The South African Railways Class 25NC 4-8-4 of 1953 was a class of steam locomotives built between 1953 and 1955 for the South African Railways (SAR). The Class 25NC was the non-condensing version of the Class 25 condensing locomotive, of which ninety were placed in service at the same time. Between 1973 and 1980, all but three of the condensing locomotives were converted to non-condensing and also designated Class 25NC.

Manufacturers

The Class 25NC non-condensing and Class 25 condensing 4-8-4 Northern type steam locomotives were designed by the South African Railways (SAR) under the direction of LC Grubb, Chief Mechanical Engineer of the SAR from 1949 to 1954, in conjunction with Henschel & Son of Kassel in Germany who designed the condensing apparatus and the condensing tender of the Class 25 sister locomotive. Between 1953 and 1955,eleven Class 25NC locomotives were built by the North British Locomotive Company (NBL) and numbered in the range from 3401 to 3411 while 39 locomotives were built by Henschel and numbered in the range from 3412 to 3450.

Characteristics
The Class 25NC was superheated and used piston valves actuated by Walschaerts valve gear. Timken roller bearings were used throughout, including on the three-axle tender bogies, the coupling and connecting rods as well as the crosshead gudgeon pins, while the locomotive's leading bogies and coupled wheels had Cannon-type axle boxes. Compared to earlier SAR practice, a novelty was the adoption of mechanical lubrication. A sixteen-feed lubricator was driven off the expansion link trunnion. The cylinders and frames were cast in one piece by Commonwealth Steel Company in the United States. The steel cylinders and steam chests were fitted with cast iron liners. Being entirely mounted on roller bearings, very little effort was required to move these locomotives.
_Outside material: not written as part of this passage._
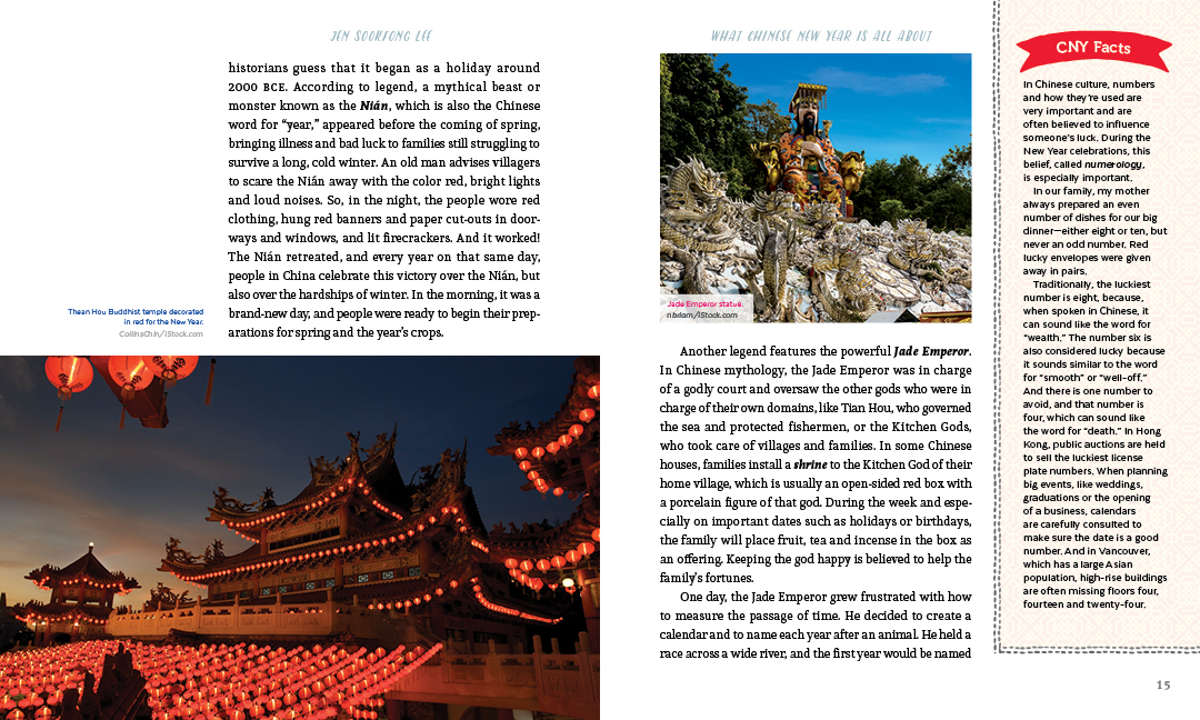 Award-winning author and broadcaster Jen Sookfong Lee recalls her childhood in Vancouver and weaves family stories into the history, traditions and evolution of Chinese New Year. Lavishly illustrated with color photographs throughout.

The Alligator type crossheads were split on the vertical centre line and clamped on to the end of the piston rods, which had three coned rings engaging in grooves in the crossheads. The original coupling rods differed from the usual in being three separate rods, thereby doing away with four knuckle joints and pins.

The multiple-valve superheater header was of the Melesco type. The boiler was fitted with four Ross-pop safety valves, each  in diameter, and two Hopkinson boiler blowdown cocks on the firebox wrapper, one on each side. Feedwater was delivered to the boiler by two Friedmann vertical type non-lifting injectors, each with a capacity of  per hour.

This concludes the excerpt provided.